Evaluating the role of IL-17A as an orchestrator of peripheral-central cross talk in depressive symptoms
Lead Research Organisation:
University of Glasgow
Department Name: College of Medical, Veterinary, Life Sci
Abstract
Summary
Describe the research in simple terms in a way that could be publicised to a general audience. This will be made publicly available and Applicants are responsible for ensuring that the content is suitable for publication. No more than, 4000 characters including spaces and returns.
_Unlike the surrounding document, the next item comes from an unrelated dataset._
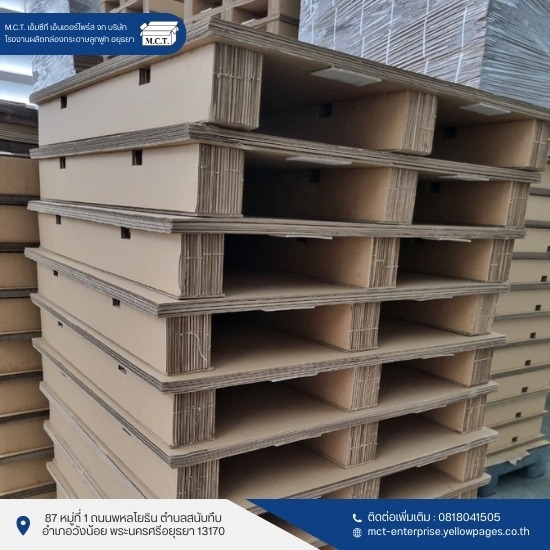 รับผลิตพาเลทกระดาษ (Paper Pallet) จากกระดาษลูกฟูก ตามความต้องการของลูกค้า เพื่อการใช้งานในอุตสาหกรรม การส่งออก บริษัท เอ็ม.ซี.ที.เอ็นเตอร์ไพรส์ จำกัด อยุธยา มีความเชี่ยวชาญประสบการณ์สูงในการรับผลิตพาเลทกระดาษ แข็งแรง ทนทาน เสร็จไว ส่งตรงเวลา ทำงานเป็นระบบระเบียบ มีเครื่องจักรทำการผลิตศักยภาพสูง บริการที่รวดเร็วทุกด้าน ทั้งการให้คำปรึกษา การรับออเดอร์ ขั้นตอนการผลิต การจัดส่ง

Approximately 30-40% of patients with immune-mediated inflammatory diseases (IMIDs), such as Psoriatic disease, experience depression. These negatively affect clinical outcomes, quality of life and treatment adherence. There is accumulating evidence that peripheral inflammation may contribute to the origins of depression. In particular, a) stimulation of the peripheral inflammation results in remitting-relapsing depressive symptoms b) abnormal neural connectivity linked to this depression is correlated with peripheral inflammation and c) biologic therapies targeting specific peripheral inflammation components (cytokines) improve depressive symptoms.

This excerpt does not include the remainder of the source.